**Exercise aim**
Could you transcribe exactly the lines below, from the line with "木曜日 大分山荘にて:キンリョウヘンとミスマフェットとフォアゴットンの本日の状態ですね。花芽はキン:1/39 ミス6/6" through the line with "- Navigate and", and nothing else, leaving out the pictures?

**The data**
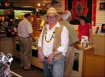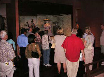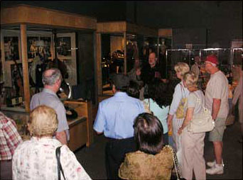 At the Charro case, Michael tells folks about the pre-war Mexican themes in Mexicali Rose.
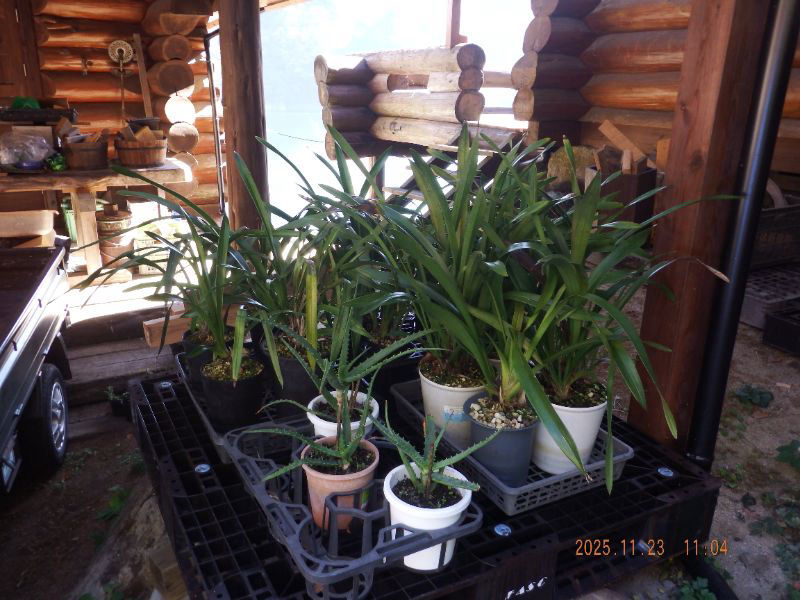 令和7年11月27日 木曜日 大分山荘にて:キンリョウヘンとミスマフェットとフォアゴットンの本日の状態ですね。花芽はキン:1/39 ミス6/6 フォア6/6です
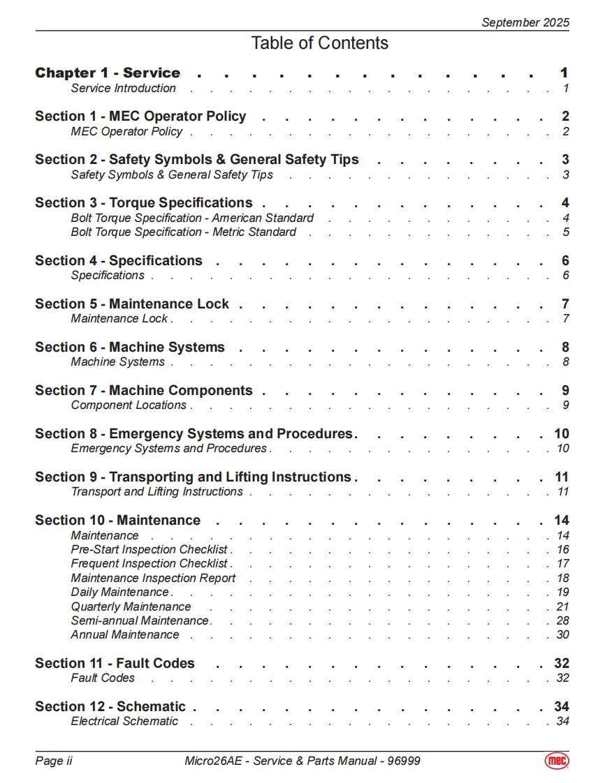 mec-Servic-ce—Parts-Manual-Micro26AE维修图纸手册零部件选型手册找手册网昨天发布关注私信9.80MB80页043mec-Servic-ce—Parts-Manual-Micro26AE维修图纸手册零部件选型手册此内容为付费资源,请付费后查看¥19¥21黄金会员免费钻石会员免费立即购买您当前未登录!建议登陆后购买,可保存购买订单付费资源 第1页 / 共80页 第2页 / 共80页 第3页 / 共80页 第4页 / 共80页 第5页 / 共80页 第6页 / 共80页 第7页 / 共80页 第8页 / 共80页 第9页 / 共80页 第10页 / 共80页 试读已结束,还剩70页,您可下载完整版后进行离线阅读 THE END利勃海尔/Swift/Mec 文本预览 mecService Parts ManualMicro26AEMeets requirements of ANSI A92.20-2020 and CSA B354.6-2019.Part 96999Serial Number Range 19100025-UpSeptember 2025 查看更多 收起部分 喜欢就支持一下吧收藏
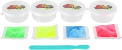 S touto kreatívnou sadou si deti ľahko vyrobia vlastný sliz so svietiacim efektom. Postup je jednoduchý: pridajte prášok, premiešajte, dozdobte a sledujte, ako sliz v tme žiari. Skvelá aktivita na rozvoj kreativity, jemnej motoriky a zvedavosti.
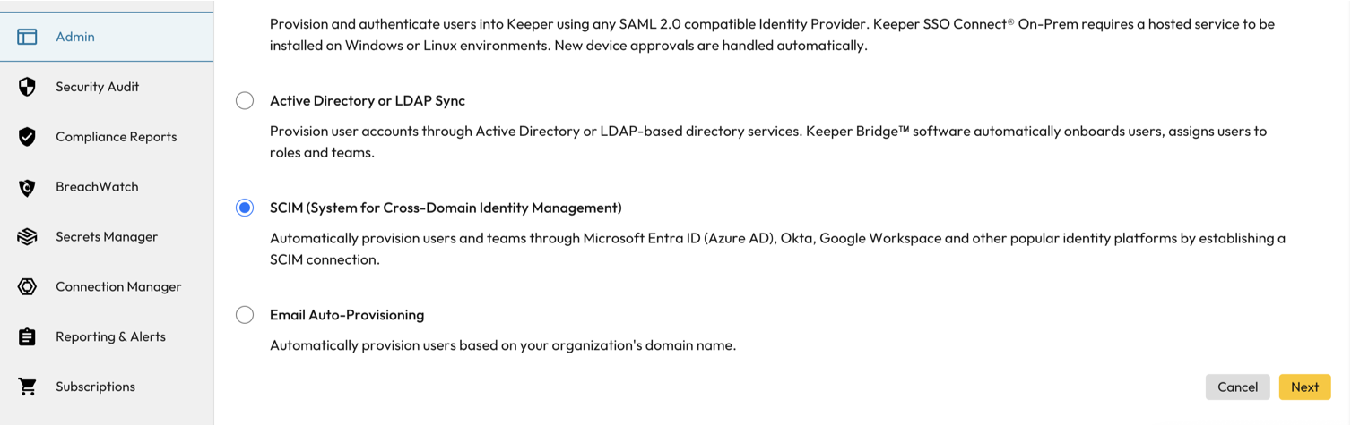 - Navigate and select SCIM (System for Cross-Domain Identity Management) and select Next.
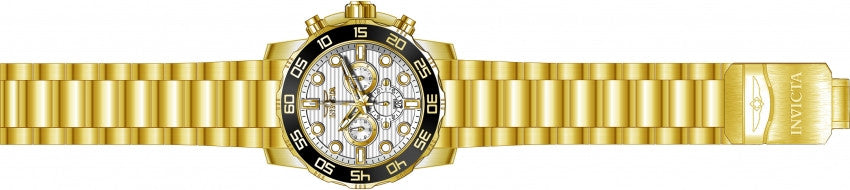 Band For Men Invicta Pro Diver 22229, Band Material Stainless Steel, Band Color Gold, Band Width 26 MM, Band Length 195 MM, Buckle Type Diver, Clasp Type Safety. Please note that bands do not ship with spring bars or T bars. If you need these parts, please add them to your cart with the corresponding part sku.
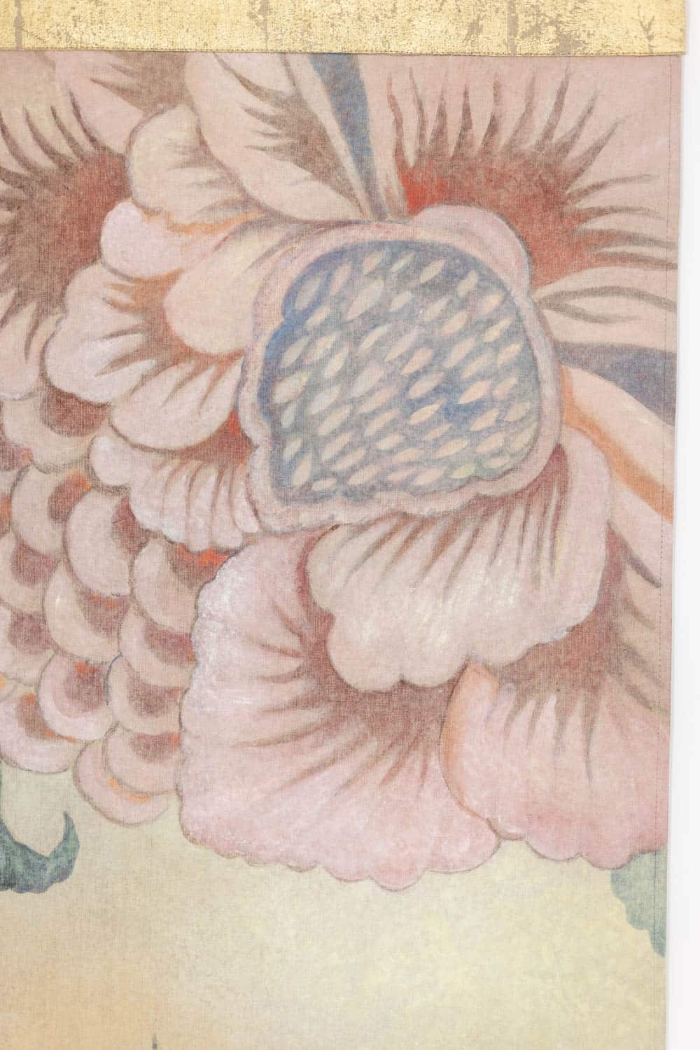 Introducing this captivating contemporary painting depicting a chameleon perched gracefully on its branch. Crafted on raw linen canvas, the artwork showcases the intricate detailing of the chameleon’s vibrant colors and distinctive features, capturing its natural beauty. The lush foliage and stylized background, rendered in serene blue and soft pink tones, create a tranquil setting that enhances the enchanting ambiance of the scene. Each stroke of natural pigments and golden patterns, delicately applied with copper leaf, adds depth and texture to the composition. This contemporary work of art is sure to spark conversation and inspire admiration.
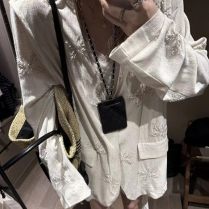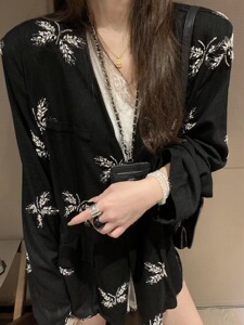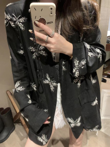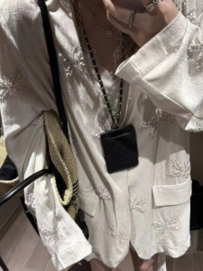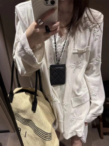 2025秋季新款小众重工黑色手工钉珠亚麻西装女
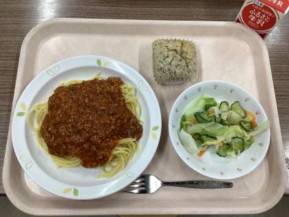 6月10日の給食 公開日 2024/06/10 更新日 2024/06/10 給食 (今日の献立) ・スパゲッティ ミートソース ・フレンチサラダ ・紅茶のカップケーキ ・牛乳 カップケーキには、紅茶の茶葉を練り込みました。ふわっと良い香りが口に広がります。
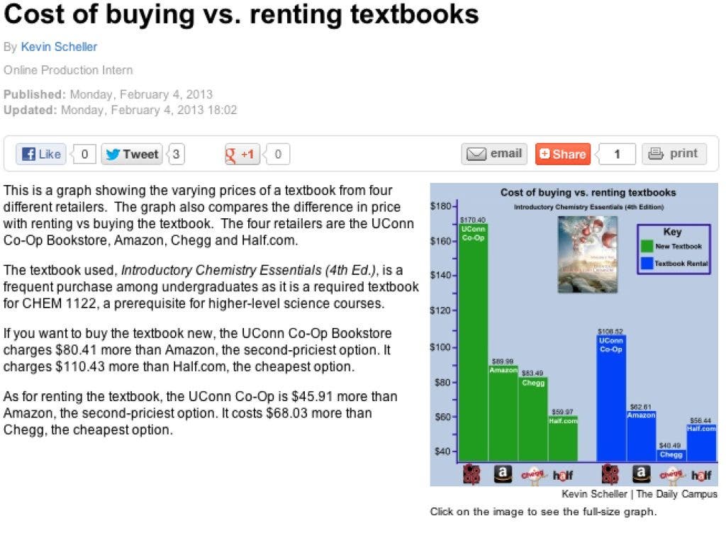 Our new online production intern, Kevin Scheller, who is also our photo editor, and I collaborated on the story “Cost of buying vs. renting textbooks,” which compares the two common ways students get books. It also compares the price of one textbook sold at the UConn Co-Op, our bookstore, and on other popular sites like Amazon.com and Half.com.
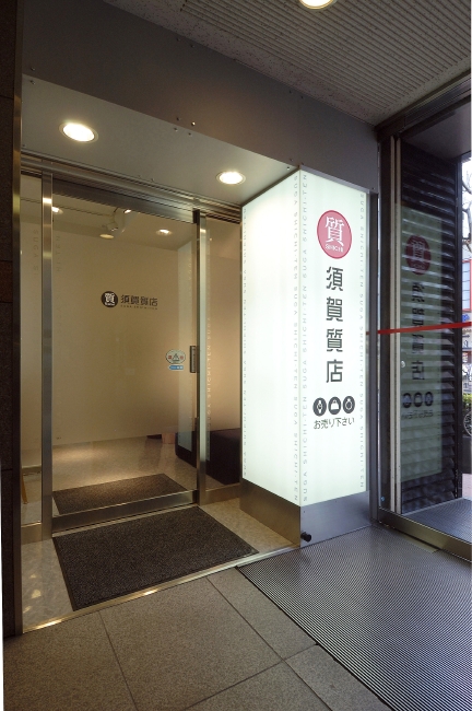 須賀質店様では、看板類を総合的にデザインしたサイン計画と、内装・インテリアを

**Final answer**
 令和7年11月27日 木曜日 大分山荘にて:キンリョウヘンとミスマフェットとフォアゴットンの本日の状態ですね。花芽はキン:1/39 ミス6/6 フォア6/6です
 mec-Servic-ce—Parts-Manual-Micro26AE维修图纸手册零部件选型手册找手册网昨天发布关注私信9.80MB80页043mec-Servic-ce—Parts-Manual-Micro26AE维修图纸手册零部件选型手册此内容为付费资源,请付费后查看¥19¥21黄金会员免费钻石会员免费立即购买您当前未登录!建议登陆后购买,可保存购买订单付费资源 第1页 / 共80页 第2页 / 共80页 第3页 / 共80页 第4页 / 共80页 第5页 / 共80页 第6页 / 共80页 第7页 / 共80页 第8页 / 共80页 第9页 / 共80页 第10页 / 共80页 试读已结束,还剩70页,您可下载完整版后进行离线阅读 THE END利勃海尔/Swift/Mec 文本预览 mecService Parts ManualMicro26AEMeets requirements of ANSI A92.20-2020 and CSA B354.6-2019.Part 96999Serial Number Range 19100025-UpSeptember 2025 查看更多 收起部分 喜欢就支持一下吧收藏
 S touto kreatívnou sadou si deti ľahko vyrobia vlastný sliz so svietiacim efektom. Postup je jednoduchý: pridajte prášok, premiešajte, dozdobte a sledujte, ako sliz v tme žiari. Skvelá aktivita na rozvoj kreativity, jemnej motoriky a zvedavosti.
 - Navigate and select SCIM (System for Cross-Domain Identity Management) and select Next.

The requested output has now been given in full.